ORIGINAL RESEARCH article

Front. Bioinform.

Sec. Single Cell Bioinformatics

Volume 5 - 2025 | doi: 10.3389/fbinf.2025.1626153

Analysis of Histone Modifications in Key Cellular Subpopulations in the Context of Azoospermia using Spermatogenic Single-Cell RNA-seq Data

Provisionally accepted
  • Shenzhen Hospital, Peking University, Shenzhen, China

The final, formatted version of the article will be published soon.
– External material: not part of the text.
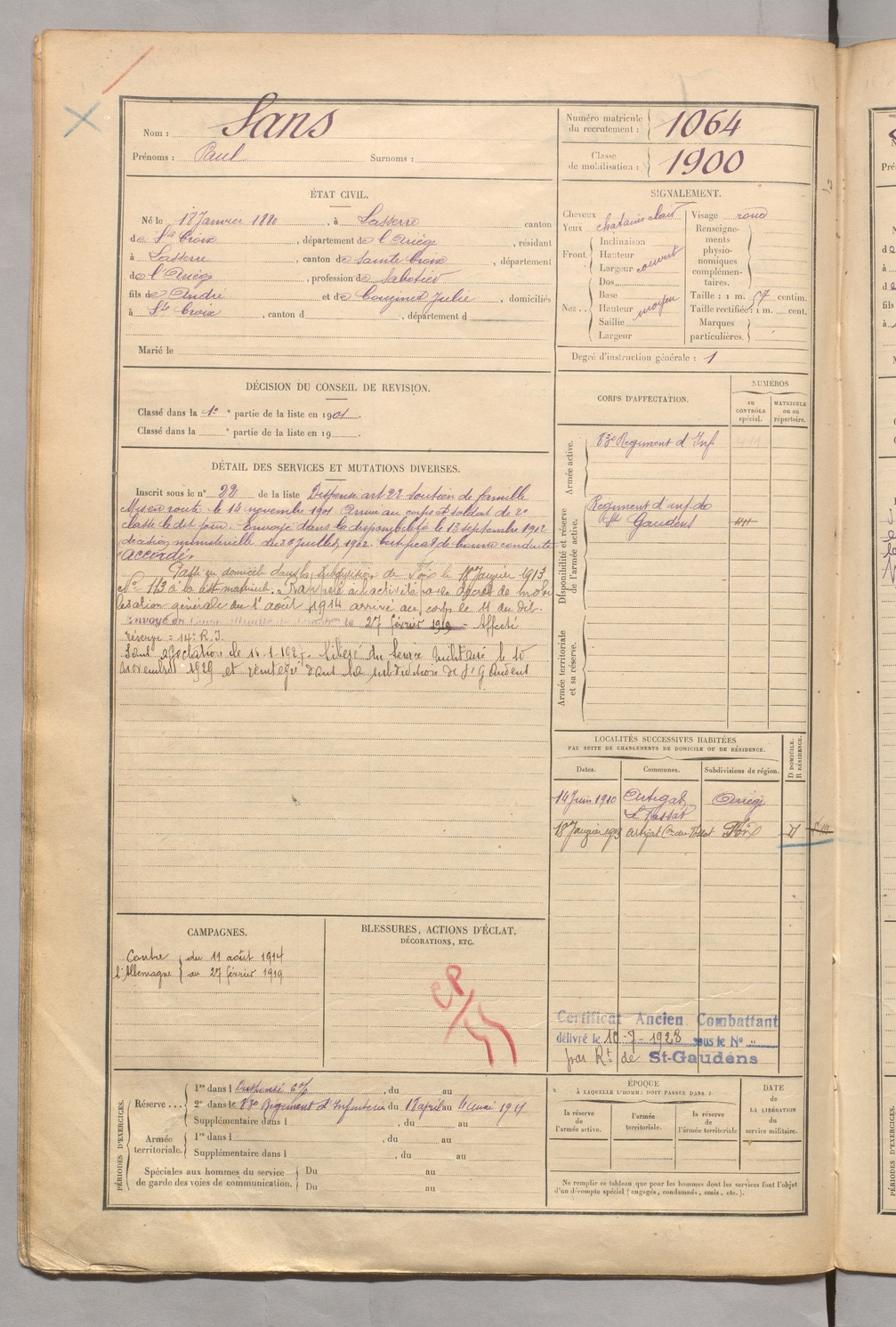 | Sans | Paul | FOIX | 129 W 5 | 1900 | Lasserre | Lasserre | 1064 |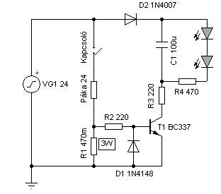 - Az R2 védi a bázist a túláramtól, a D1 ugyan ezt a fordított feszültségtől, az R3 a kollektort a túláramtó, a D2 a kollektor helyes polaritású feszültségét adja. R4 pedig a Led-ek előtét ellenállása. C1 azért kell, hogy a félhullámú jeltől ne villogjon a Led.

The molecular underpinnings of non-obstructive azoospermia (NOA), a severe form of male infertility characterized by the absence of sperm in the ejaculate, remain unclear. In this study, we demonstrate the role of histone modifications within specific testicular cell subpopulations in NOA using single-cell RNA sequencing (scRNA-seq) data. Based on scRNA-seq analysis of the data acquired from the Gene Expression Omnibus (GSE149512), we identified nine distinct cell types and revealed significant compositional differences between the NOA and control testicular tissues. In contrast to the high prevalence of spermatogenic cells in the controls, endothelial, testicular interstitial, and vascular smooth muscle cells, as well as macrophages, were enriched in NOA. Furthermore, our analyses revealed considerable enrichment of histone modification-related genes in Leydig cells, peritubular myoid (PTM) cells, and macrophages in the NOA group. HDAC2, a pivotal regulator of histone acetylation, exhibited significant upregulation. Functional pathway analysis implicated these genes in critical biological processes, including nuclear transport, RNA splicing, and autophagy. We quantified the activity of histone modification-related genes using AUCell and identified distinct Leydig cell subpopulations characterized by unique marker genes and functional pathways, underscoring their dual roles in histone modification and spermatogenesis. Additionally, cellular communication analysis via CellChat demonstrated altered interaction dynamics across cell types in NOA, particularly in Leydig and PTM cells, which exhibited enhanced interactions alongside differential activation of the WNT and NOTCH signaling pathways. These findings suggest that aberrant histone modifications in specific cellular subpopulations may drive disease progression, highlighting potential targets for diagnostic and therapeutic strategies. This study offers novel insights into the molecular mechanisms of NOA and provides a basis for future research on advanced male reproductive health.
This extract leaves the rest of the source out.